(Saved entries)

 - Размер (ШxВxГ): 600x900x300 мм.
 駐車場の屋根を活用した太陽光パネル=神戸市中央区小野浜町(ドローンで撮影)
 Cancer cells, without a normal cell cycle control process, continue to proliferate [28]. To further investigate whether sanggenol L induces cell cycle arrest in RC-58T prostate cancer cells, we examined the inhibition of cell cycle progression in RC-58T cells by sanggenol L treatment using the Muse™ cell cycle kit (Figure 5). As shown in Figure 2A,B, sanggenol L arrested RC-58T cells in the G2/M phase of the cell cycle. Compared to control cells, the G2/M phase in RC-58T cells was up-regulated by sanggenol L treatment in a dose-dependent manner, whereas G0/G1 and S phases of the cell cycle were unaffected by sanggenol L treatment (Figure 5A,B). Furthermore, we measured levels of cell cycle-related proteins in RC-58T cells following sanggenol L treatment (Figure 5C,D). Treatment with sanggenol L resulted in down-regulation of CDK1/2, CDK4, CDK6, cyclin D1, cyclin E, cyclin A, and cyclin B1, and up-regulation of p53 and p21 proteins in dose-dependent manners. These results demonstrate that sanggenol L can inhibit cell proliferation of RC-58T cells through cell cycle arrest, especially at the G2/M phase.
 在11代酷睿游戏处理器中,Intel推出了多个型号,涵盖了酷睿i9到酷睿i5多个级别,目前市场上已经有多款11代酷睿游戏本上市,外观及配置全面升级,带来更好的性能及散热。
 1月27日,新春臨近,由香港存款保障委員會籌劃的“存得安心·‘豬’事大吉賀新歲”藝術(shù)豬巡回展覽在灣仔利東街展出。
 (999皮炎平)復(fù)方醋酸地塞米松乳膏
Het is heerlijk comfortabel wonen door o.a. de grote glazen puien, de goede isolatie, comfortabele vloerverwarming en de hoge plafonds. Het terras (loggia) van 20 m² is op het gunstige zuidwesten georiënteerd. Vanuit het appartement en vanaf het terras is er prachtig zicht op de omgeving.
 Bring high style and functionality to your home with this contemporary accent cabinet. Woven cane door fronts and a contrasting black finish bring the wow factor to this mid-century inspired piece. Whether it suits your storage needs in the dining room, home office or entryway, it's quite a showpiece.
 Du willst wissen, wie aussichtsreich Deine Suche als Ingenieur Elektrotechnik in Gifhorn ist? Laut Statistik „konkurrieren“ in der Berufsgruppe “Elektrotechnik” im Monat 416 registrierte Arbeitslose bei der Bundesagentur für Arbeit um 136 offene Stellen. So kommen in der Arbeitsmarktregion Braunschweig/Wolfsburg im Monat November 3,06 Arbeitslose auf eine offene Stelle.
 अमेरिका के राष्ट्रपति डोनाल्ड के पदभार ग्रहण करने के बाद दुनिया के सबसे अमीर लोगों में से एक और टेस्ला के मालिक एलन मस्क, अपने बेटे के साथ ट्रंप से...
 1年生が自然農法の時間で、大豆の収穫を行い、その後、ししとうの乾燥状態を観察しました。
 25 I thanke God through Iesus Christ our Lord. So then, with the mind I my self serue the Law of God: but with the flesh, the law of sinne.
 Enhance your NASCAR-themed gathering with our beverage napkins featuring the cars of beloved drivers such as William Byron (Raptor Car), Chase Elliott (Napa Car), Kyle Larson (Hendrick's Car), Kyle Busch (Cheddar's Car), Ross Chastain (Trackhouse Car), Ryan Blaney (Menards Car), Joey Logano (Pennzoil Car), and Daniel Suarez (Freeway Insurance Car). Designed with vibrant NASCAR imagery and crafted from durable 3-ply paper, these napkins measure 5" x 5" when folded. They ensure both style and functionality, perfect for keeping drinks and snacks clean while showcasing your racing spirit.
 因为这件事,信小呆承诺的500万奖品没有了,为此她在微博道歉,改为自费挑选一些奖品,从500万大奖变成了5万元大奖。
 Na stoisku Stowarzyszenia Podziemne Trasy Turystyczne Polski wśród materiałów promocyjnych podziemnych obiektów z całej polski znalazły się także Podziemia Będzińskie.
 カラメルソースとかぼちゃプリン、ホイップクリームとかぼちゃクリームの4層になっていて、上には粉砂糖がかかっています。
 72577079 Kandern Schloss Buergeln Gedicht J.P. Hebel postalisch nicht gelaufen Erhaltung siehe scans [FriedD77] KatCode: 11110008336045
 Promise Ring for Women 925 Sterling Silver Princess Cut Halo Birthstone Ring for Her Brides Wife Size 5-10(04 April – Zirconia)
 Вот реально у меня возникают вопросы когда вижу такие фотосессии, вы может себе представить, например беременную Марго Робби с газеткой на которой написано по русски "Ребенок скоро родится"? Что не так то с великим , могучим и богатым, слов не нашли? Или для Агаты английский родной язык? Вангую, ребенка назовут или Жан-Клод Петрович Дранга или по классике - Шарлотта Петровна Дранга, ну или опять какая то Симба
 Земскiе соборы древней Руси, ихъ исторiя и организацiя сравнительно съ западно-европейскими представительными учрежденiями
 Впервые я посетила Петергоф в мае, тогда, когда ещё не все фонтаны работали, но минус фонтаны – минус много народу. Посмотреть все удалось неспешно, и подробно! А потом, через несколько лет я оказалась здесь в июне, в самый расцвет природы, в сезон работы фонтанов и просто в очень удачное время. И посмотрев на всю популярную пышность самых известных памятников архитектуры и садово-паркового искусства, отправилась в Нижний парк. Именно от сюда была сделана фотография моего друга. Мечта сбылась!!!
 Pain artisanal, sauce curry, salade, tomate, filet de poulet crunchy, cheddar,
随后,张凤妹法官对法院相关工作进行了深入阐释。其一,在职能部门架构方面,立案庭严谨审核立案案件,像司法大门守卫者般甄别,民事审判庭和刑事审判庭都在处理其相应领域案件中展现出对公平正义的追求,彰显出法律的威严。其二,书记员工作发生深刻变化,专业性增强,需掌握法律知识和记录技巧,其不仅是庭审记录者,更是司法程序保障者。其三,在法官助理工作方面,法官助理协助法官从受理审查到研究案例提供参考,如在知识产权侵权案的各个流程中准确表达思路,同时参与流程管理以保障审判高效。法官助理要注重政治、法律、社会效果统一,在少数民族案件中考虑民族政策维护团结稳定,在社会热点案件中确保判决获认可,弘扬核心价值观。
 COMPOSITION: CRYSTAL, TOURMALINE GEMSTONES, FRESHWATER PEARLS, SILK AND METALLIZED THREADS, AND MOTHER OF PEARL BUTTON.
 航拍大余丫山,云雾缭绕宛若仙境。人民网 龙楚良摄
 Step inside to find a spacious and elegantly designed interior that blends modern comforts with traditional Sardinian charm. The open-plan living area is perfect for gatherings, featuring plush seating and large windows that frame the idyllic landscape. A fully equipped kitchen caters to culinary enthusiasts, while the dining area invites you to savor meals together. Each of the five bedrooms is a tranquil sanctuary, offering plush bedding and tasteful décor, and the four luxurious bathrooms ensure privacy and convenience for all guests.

**ABOUT THIS TASK**
Set down, from the entries above, exactly the lines from the one with "(999皮炎平)復(fù)方醋酸地塞米松乳膏" up to and including the one with "Bring high style", and no other lines.

**RESPONSE FOR THIS EXERCISE**
 (999皮炎平)復(fù)方醋酸地塞米松乳膏
Het is heerlijk comfortabel wonen door o.a. de grote glazen puien, de goede isolatie, comfortabele vloerverwarming en de hoge plafonds. Het terras (loggia) van 20 m² is op het gunstige zuidwesten georiënteerd. Vanuit het appartement en vanaf het terras is er prachtig zicht op de omgeving.
 Bring high style and functionality to your home with this contemporary accent cabinet. Woven cane door fronts and a contrasting black finish bring the wow factor to this mid-century inspired piece. Whether it suits your storage needs in the dining room, home office or entryway, it's quite a showpiece.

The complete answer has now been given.